Tu as cy devant (Lecteur) le discours de Loys Meigret Lyonnoys, touchant nostre escripture Françoyse. Qui est un œuvre, ou il l'ha si nayfvement debatuë, qu'il me contrainct (ou guieres ne s'en fault) de tenir son party: voyre l'ensuyvre de brief en sa forme d'escrire, fondée en raisons vifves & pleines de verité: encores que Mos, ce tyran, vicieux & resveur, ne fasse aultre chose que luy recalcitrer. Apres lequel traicté il m'ha semblé bon d'adjoindre, La maniere de bien traduire d'une langue en aultre: la punctuation de la langue Françoyse: & les accentz d'icelle, mis en lumiere par Estienne Dolet, natif d'Orleans. Et ce ay je faict (meu envers toy de bon vouloir) si non à ton utilité, au moins pour te resjouyr l'esprit en la tradition de ces deux advis ensemble (Pourquoy n'oseray-je point dire Institutions?) proffitables aux professeurs de nostre langue. Mais si tu trouve l'orthographie de Meigret, dissemblable à celle de Dolet: sçache que l'un le veult ainsi, & l'aultre pareillement. Doncques (amy) ne dy point que j'escry en diverses manieres, comme confuz, & ne sçachant de quel boys faire flesches, quand tu auras leu ce, que je te presente: ains reçoy le tout d'aussi joyeuse face, comme je te le livre. Et à Dieu.
AU LECTEUR ENCORES.
Ly et puis juge: ne juge toutesfoys devant, que d'avoir veu mon Orateur Françoys, qui (possible est) te satisfaira, quant aux doubtes, ou tu pourras encourir lisant ce Livre.

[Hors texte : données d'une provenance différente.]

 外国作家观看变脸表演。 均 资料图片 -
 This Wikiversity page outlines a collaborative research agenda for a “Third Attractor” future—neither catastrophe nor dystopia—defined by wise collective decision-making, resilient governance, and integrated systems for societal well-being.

Dixain, de Saincte Marthe.
Pourquoy es tu d'aultruy admirateur, Vilipendant le tien propre langage? Est ce (Françoys) que tu n'as instructeur, Qui d'icelluy te demonstre l'usage? Maintenant as en ce grand advantage, Si vers ta langue as quelcque affection: Dolet t'y donne une introduction Si bonne en tout, qu'il n'y a que redire: Car il t'enseigne (ô noble invention) D'escrire bien, bien tourner, & bien dire.
ESTIENNE DOLET A MONSEIGNEUR DE LANGEI
humble salut, & recognoissance de sa liberalité envers luy.

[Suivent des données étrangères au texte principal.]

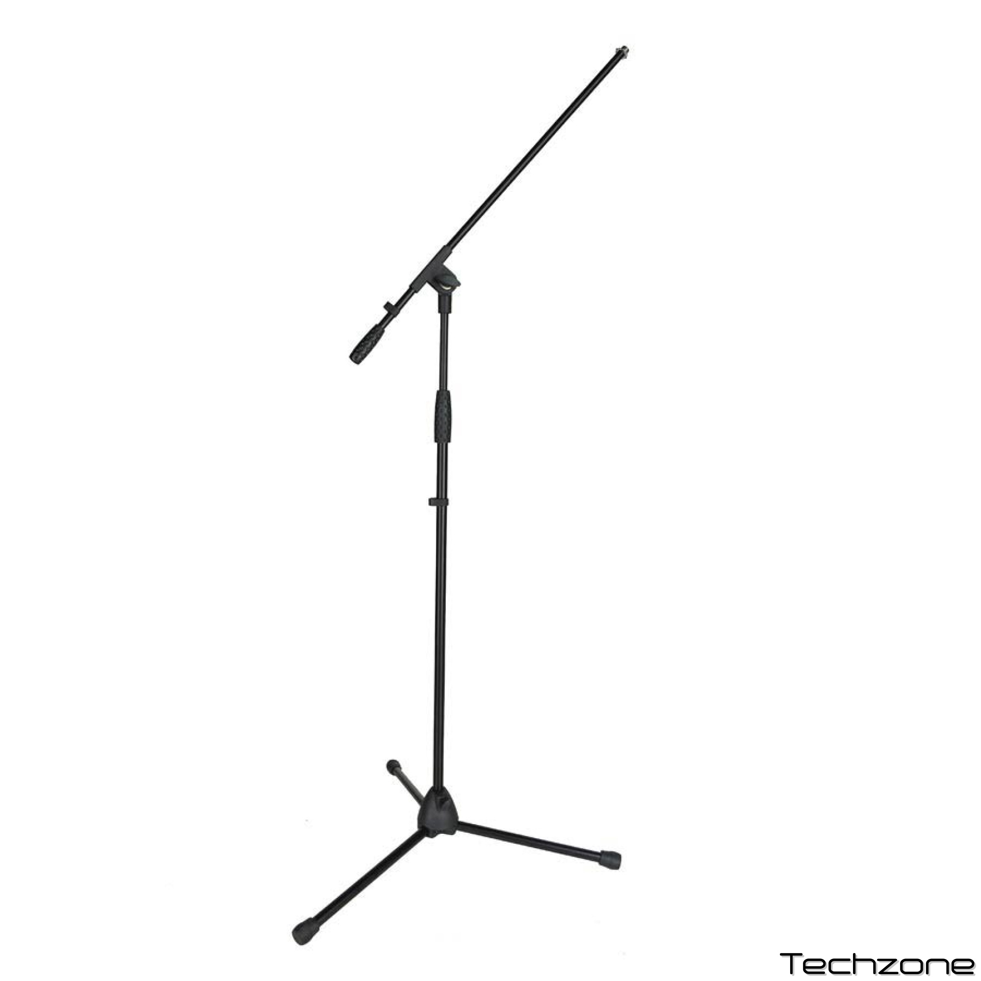 Основание треноги и крепления для микрофона выполнено из прочного пластика, что обеспечивает устойчивость и надежность в любых условиях использования. На конце "стрелы" предусмотрено место для фиксации микрофонного кабеля, чтобы обеспечить организованный вид и избежать запутывания кабелей во время выступов.

Je n'ignore pas (Seigneur par gloire immortel) que plusieurs ne s'esbaissent grandement de veoir sortir de moy ce present Oeuvre: attendu que par le passé j'ay faict, & fais encores maintenant profession totalle de la langue Latine. Mais à cecy je donne deux raisons. L'une que mon affection est telle envers l'honneur de mon païs, que je veulx trouver tout moyen de l'illustrer. Et ne le puis myeulx faire que de celebrer sa langue, comme ont faict Grecs, & Romains la leur. L'aultre raison est, que non sans exemple de plusieurs je m'addonne à ceste exercitation.
[En marge: Autheurs antiques illustrateurs de leur langue.]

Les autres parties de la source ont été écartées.